Climate and Culture Before, Not After, Behavior-Based Safety

Occupational Health & Safety - July 2015
By: Shawn M. Galloway
Printable Version

Safety culture is not the next step after Behavior-Based Safety (BBS) efforts; it's a determining factor on whether to implement or not implement a behavioral approach. Since culture is the most effective reinforcement tool, it will be one of the most important considerations when attempting to implement either compliance or advanced behavioral efforts.

One client recently shared, "We unknowingly decided to provide the workforce of a site we recently acquired new steel-toed boots, as we knew they wouldn't have the resources or channels to procure them. It was, after all, a company-wide safety policy and we knew many employees didn't currently wear shoes in the community from which they came. We found out shortly afterwards that most employees promptly sold them to friends and family for extra money."

If it is not common to wear shoes to work, like within some cultures, mandating new foot protection will be met with minimal compliance. While an extreme example, your culture is often why improvement efforts, compliance or advanced, succeed or fail.

Recently, there has been a push by some within the Behavior-Based Safety community to attempt to differentiate by promoting the next evolutionary step to BBS as a focus on safety culture or to create a culture where there is observable and heart-felt caring. This is concerning and might provide insight into why the typical pre-packaged or pre-defined BBS methodologies never yield the expected return. When it comes to change, especially with culture, one-size never fits all.

Evolving a culture is like growing a plant. You can't manage culture, nor can you manage the growth of a seed. It is the climate and chemistry that must be managed to obtain the desired outcome. Culture is what is common within an organization, group or society. Further, it is an outcome, a byproduct. You can't manage a result.

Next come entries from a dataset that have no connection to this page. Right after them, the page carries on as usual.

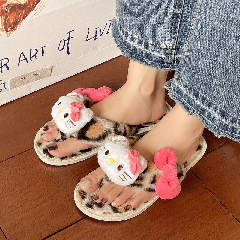 📚 甜拽可爱豹纹凯蒂猫夹板毛绒绒拖鞋女秋冬居家时尚软底防滑毛毛拖
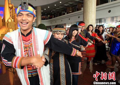 10月10日,70多位來自臺灣8個少數(shù)民族的世博參訪代表,在上海城市規(guī)劃展示館載歌載舞,參加上海市海峽兩岸交流促進(jìn)會舉行的 “2010臺灣少數(shù)民族世博參訪團(tuán)”歡迎儀式。參訪團(tuán)在游覽上海世博會后,還將與上海大學(xué)生交流等。 中新社記者 潘索菲 攝
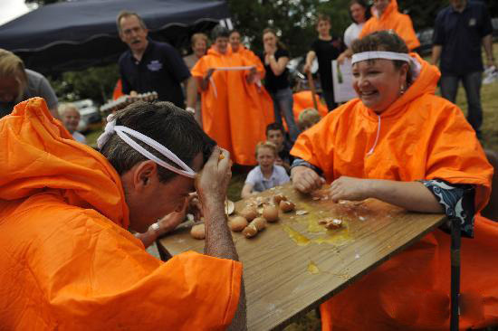 2008年6月29日,英国林肯郡,参加年度世界扔鸡蛋比赛的选手,选手正在参加一项名叫俄罗斯鸡蛋轮盘赌的项目,规则是每名选手面前有6个鸡蛋,其中只有1个是生的,选手们1对1的比赛,需要用脑门砸开鸡蛋,找出那个生鸡蛋。
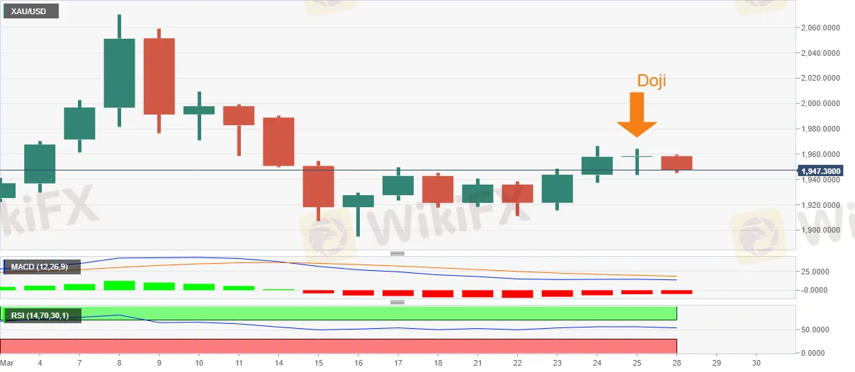 Abstract:Gold (XAU/USD) takes offers to refresh intraday low around $1,945 while snapping a three-day uptrend during Mondays Asian session.
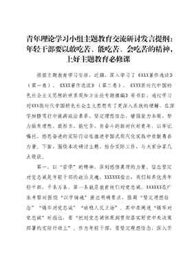 青年理论学习小组主题教育交流研讨发言提纲:年轻干部要以敢吃苦、能吃苦、会吃苦的精神,上好主题教育必修课.docx
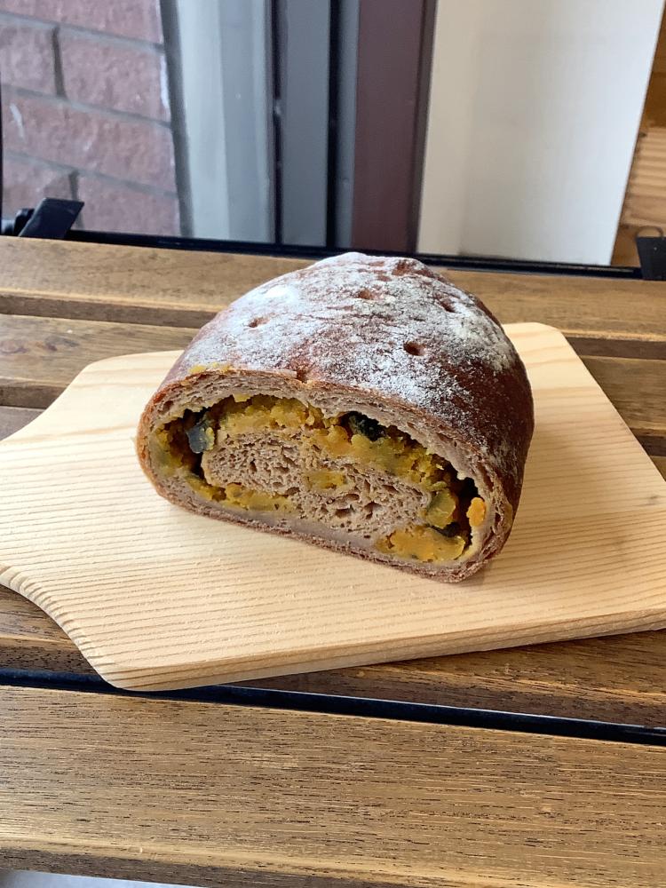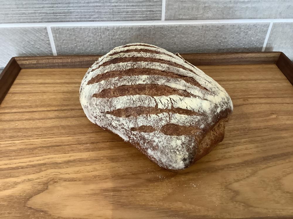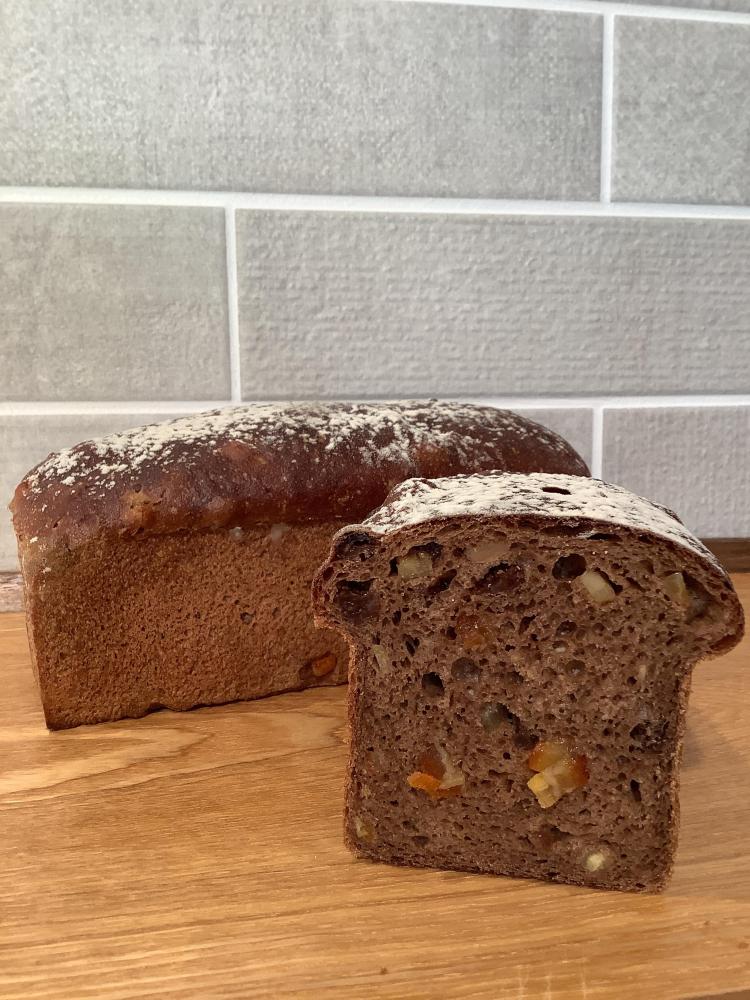 レーズン、オレンジピール、クルミ入りの食パンです。 |
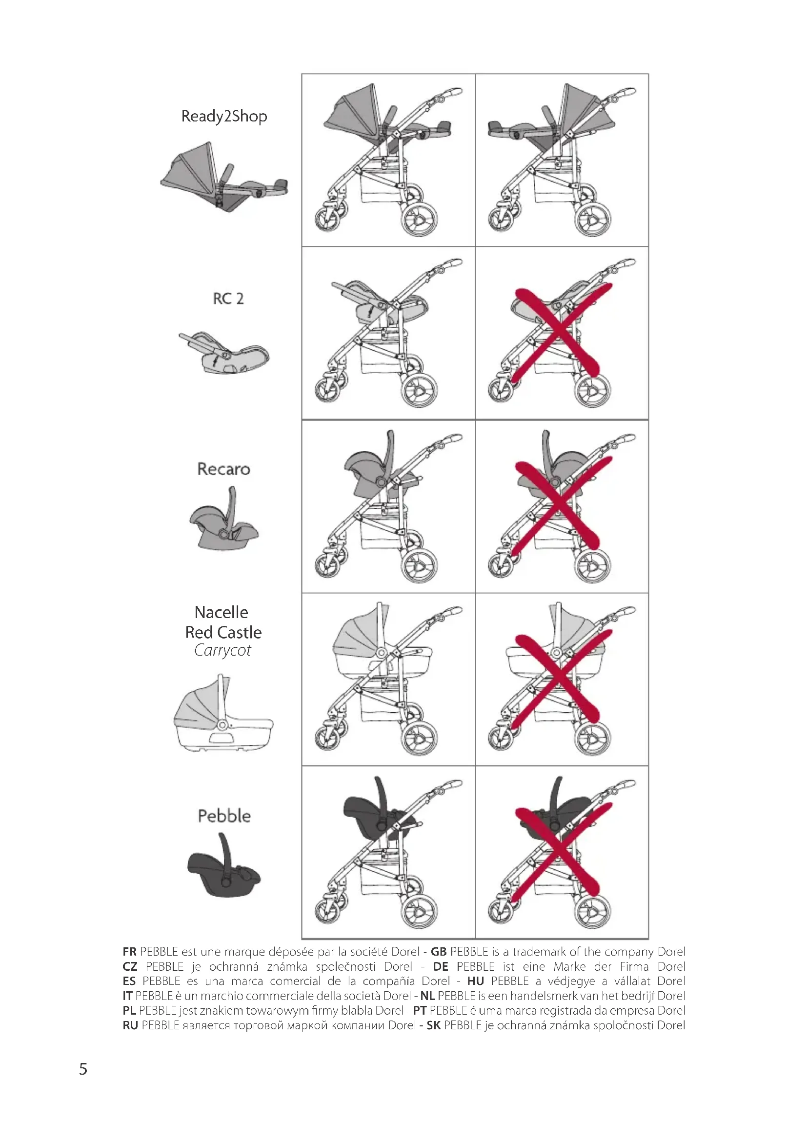 - Od narození můžete kočárek používat v kombinaci s autosedačkou RED CASTLE/RECARO 0-13kg NEBO s autosedačkou RC 2 0-9kg NEBO s autosedačkou PEBBLE 0-13kg NEBO s RED CASTLE korbičkou (od narození do 9kg).
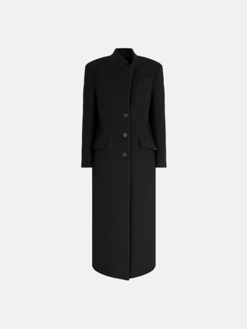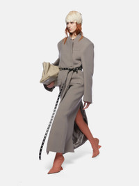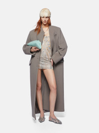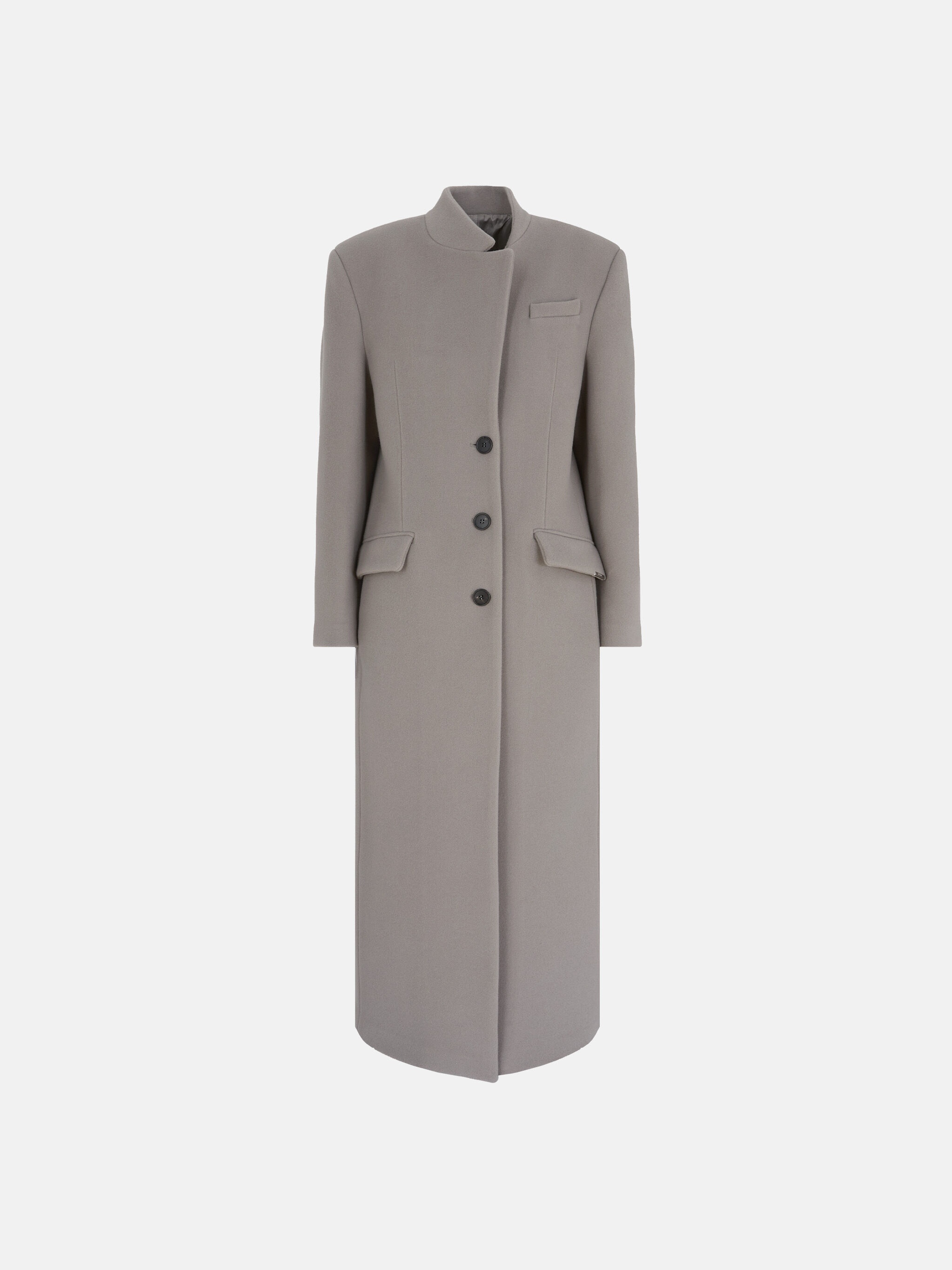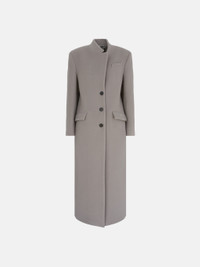 Single lapel long coat in grey twill wool cloth with buttons. Made in Italy. Style 250WCC00081WWV058AA084 SIZE & FIT The model is wearing a size 40 and her height is 69,6 in, bust 30,7 in, waist 23,2 in, hips 34,6 in - height 177 cm, bust 78 cm, waist 59 cm, hips 88 cm. Regular fit. We recommend taking your true size. DETAILS Main Material: 100% virgin wool, lining: 100% viscose

If the culture is not already made up of leaders and at least some workers committed to safety excellence, BBS won't work. If the culture does not have a caring atmosphere, BBS won't work. If cooperation doesn't already exist within the culture, BBS won't work. If coaching is not common and viewed as a desirable, expected and reinforced interaction and communication style, BBS won't work. If the safety climate or chemistry is not ripe for a new seed of change (i.e., Behavior-Based Safety) to be grown, always start with the climate and chemistry.

Knowing what it takes to achieve excellence in safety culture, BBS was never designed to be a direct culture-changing tool. Certainly, it had some positive carryover effect. However, it was designed to address and improve behaviors that could help prevent injuries and incidents. Once this gains traction and it (e.g., observations, feedback, peer-to-peer safety communication and leveraging proactive safety measurements to improve safety) becomes common, it becomes cultural, which is a byproduct of the efforts.

To say the next step after BBS is to directly address the safety culture or create an environment where caring is more common is akin to a car manufacturer deciding to enter the flight or float industries to capture additional market share with its existing knowledge, technologies, manufacturing and assembly plants. Eventually there might be a way to make this work, but there are also much better, more effective and efficient tools to accomplish the same result. Moreover, entering into a market to serve customers with what you think they will want or need without knowing what they value and what they would accept or reject is fraught with opportunities for disaster.

For BBS to work, the organization must be ready for the approach, both in traditional aspects of their safety management-systems and compliance efforts, but also by having a culture ready for the tool to take them to the next level. Implementing any significant improvement approach prior to understanding and addressing the cultural considerations is, quite simply, horrible, unwise and unethical advice. What people will support and not support must always be a considered factor.

Shawn M. Galloway is the CEO of ProAct Safety and co-author of several bestselling books. As an award-winning consultant, adviser, leadership coach and keynote speaker, he has helped hundreds of organizations within every major industry to improve safety strategy, culture, leadership and engagement. He is also the host of the highly acclaimed weekly podcast series Safety Culture Excellence®.